To better understand where Transformers fall short, we analyze the types of errors that

transformers make for nodes at different layers in the computation graph. Our analyses show that models can correctly perform single-step reasoning, potentially due to memorizing such single-step operations during training, but need to plan and compose several of these steps for overall correct reasoning.

#### Error Propagations: The Theoretical Limits

So far, we have highlighted the limitations of current Transformers in handling complex, multi-step reasoning tasks: errors rapidly escalate as the problem size grows. Compositional task algorithms often involve multiple independent applications of a function (width) and/or iterated applications of the same function (depth). In executing such algorithms, Transformers act as estimators for these functions. Specifically, Transformers struggle with problems featuring large graph width and depth. Our theoretical insights explain why these models perform significantly worse in compositional tasks as the problem size increases. We analyze the probability of Transformers reaching the correct answer as the problem size grows, demonstrating that, under reasonable assumptions, the probability of incorrect predictions converges exponentially to ≈ 1 for abstract compositional tasks.

## Between the lines

### Collapsed Compositionality and Robustness Implications

Transformers today demonstrate undeniably powerful empirical results. Yet, our study suggests that Transformers may have fundamental weaknesses in certain intellectual tasks that require true multi-step compositional operations. Our careful study based on the computation graph and analyses demonstrate that Transformers can often solve multi-step compositional problems by collapsing the depth of the compositional operations via analogical pattern matching. More broadly, our findings suggest that the strong performance of Transformers should be taken with a certain grain of salt: Despite initially appearing challenging, certain tasks may not possess the inherent compositionality they have. This is because desired solutions could be readily derived from input-output sequences present in the training data, allowing for shortcut pattern matching to produce acceptable solutions. However, our study shows that such an approach can ultimately result in poor generalization capabilities.

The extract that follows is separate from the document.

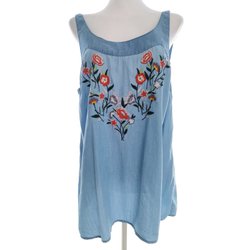 YESSICA Dam Tunikablus 40 Blå Lyocell 100% Ärmlös Broderi U-ringning

Building on these findings, we suggest several empirical strategies for harnessing the potential of Transformers. First, Transformers may be best suited for compositional tasks where evaluation metrics can afford some leniency, for example, finding approximate solutions that do not require executing the whole graph, such as identifying the most significant digit in a multiplication. Second, we suggest augmenting Transformers with planning modules as well as using refinement methods that can iteratively improve their generations.

### Call for broad Participation in the Investigation of the Limitations.

We acknowledge that due to our compute budget constraints and limited access to the largest language models, such as GPT-4, we cannot push the empirical limits of Transformers even further in terms of training data size and number of epochs. We invite the broader research community, particularly those with more extensive resources at their disposal, to investigate these possibilities further.